Life insurance can be a powerful estate planning tool. There are several roles it can play in easing the burden of your passing on your loved ones. While many consider life insurance to simply be an income replacement when a loved one passes, which, of course it is, there are other ways it fits into an estate plan:
1. To pay expenses while an estate is in probate or a trust is being administered.
Since life insurance pays benefits to a named beneficiary, it avoids probate, and therefore the funds can be accessed more quickly than property that must be probated or if, for some reason, distribution of trust assets are delayed.

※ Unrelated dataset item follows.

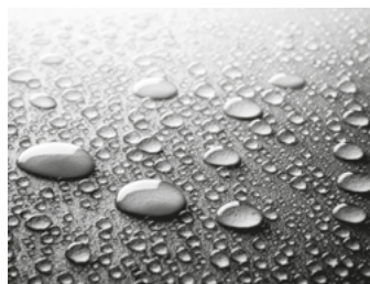
Sigillatura speciale con resina eposi (lunga durata) / Special sealing with epoxy resin (long lasting)

Probate is the legal process that ‘settles’ an estate, and it can tie up property for many months, but life insurance proceeds pass outside of this process unless one designates his or her estate as the beneficiary of the policy.
2. To pay funeral costs, debt and estate administration costs.
Life insurance policies can be used to pay the costs of funerals, as well as probate fees and other debt of the deceased when an estate may have assets that are not liquid, such as real estate.
3. To create a life insurance trust.
An irrevocable life insurance trust, or ILIT, can be a powerful estate planning tool. An ILIT is a holding device that owns your life insurance policy for you, removing it from your estate for both tax and creditor purposes. As its name suggests, the ILIT is irrevocable, which means once you have created this trust and funded it with an insurance policy, you may not take the policy back in your own name. But you can closely control many other aspects, such as naming the beneficiaries, the terms of the payment of benefits as well as choosing the trustee to manage the trust.
While a life insurance policy can have many advantages within an estate plan, it is important to work with an experienced and qualified estate planning attorney to ensure that it properly coordinates to other aspects of your plan.